Monitoraggio con 225 indicatori
Ora un banco di prova importante è il progetto «Spazi in trasformazione», bando di Fondazione Cariplo (ha stanziato 3,5 milioni) che con la collaborazione tecnica di KCity (e Fondazione Riusiamo l’Italia, per la formazione) vuole sostenere processi di riuso per sperimentare nuove funzioni culturali e restituire alla fruizione delle comunità. Su quasi 4.800 metri quadrati distribuiti in tre città grandi (Milano, Brescia, Bergamo), quattro medie e in tre paesi si stanno sperimentando nuove funzionalità, dai community hub a spazi espositivi, dai centri culturali a scuole aperte. Ogni progetto mette in gioco spazi diversi per superficie, tipologia (tre su 11 sono sottoposti a tutela in quanto di interesse storico e artistico). Tra i promotori troviamo un ente pubblico, cinque fondazioni e imprese sociali e altrettante e tra associazioni, cooperative e consorzi di cooperative sociali. I 13 temi messi in campo (dal protagonismo giovani al coinvolgimento delle scuole) vengono monitorati periodicamente con 225 indicatori complessivi, sia qualitativi che quantitativi. informazioni utili per criteri di adeguatezza degli spazi e degli allestimenti, efficacia del modello gestionale e di governance, risposta delle comunità e dimensione relazionale, sostenibilità economica, successo di nuovi servizi. Così a Vione, un piccolo paese di montagna nella Alta Valle Camonica, partendo dalla canonica e da un ex scuola-sede del Museo etnografico LZuf si immagine una rinascita socio-economica della comunità a rischio spopolamento puntando su un’offerta di servizi legati all’ospitalità, al commercio e alla formazione.

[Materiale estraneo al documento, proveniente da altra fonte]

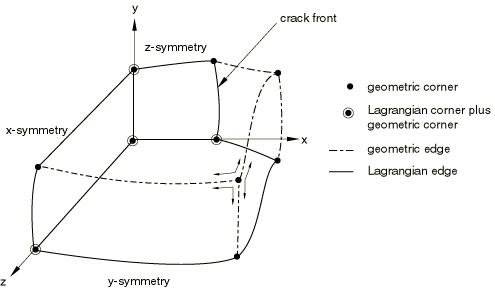 Figure 12.2.2–2 shows an example in which boundary regions are created by applying surface-type boundary conditions. This figure shows a block of material with a crack and three symmetry planes (therefore, three Lagrangian boundary regions). Material will not flow across any symmetry plane, yet adaptive meshing can be performed within each Lagrangian boundary region. This flexibility is often helpful in problems that have significant deformation.

O ancora, a Bergamo all’interno del Monastero del Carmine di proprietà pubblica si sta pensando a uno spazio ibrido, entro cui all’attività di produzione culturale di alto profilo attuale (Teatro Tascabile) si integrano attività e funzioni in grado di incrementarne l’attrattività e di generare flussi economici utili alla sostenibilità complessiva.
L’esperienza francese
L’approccio del riuso transitorio viene dalla Francia dove tra il 2011 e il 2021, nella sola Ile de France, sono stati sostenuti 227 progetti. Così per esempio l’antico ospedale Saint Vincent de Paul di Parigi ospita oggi Les Grands Voisins: su 3,5 ettari convivono imprenditori, artisti, inquilini di alloggi di emergenza. E ancora a Pantin dentro all’ampio ecosistema di attori de “La Cité Fertile”, un incubatore accompagna start up sul tema dell’ecologia, a Paris 11 l’Espace Voltaire ospita start up sull’upcycling e sulla moda sostenibile mentre a Rennes Hotel Pasteur è un edulab con iniziative innovative legate all’educazione e al digitale per bambini e giovani.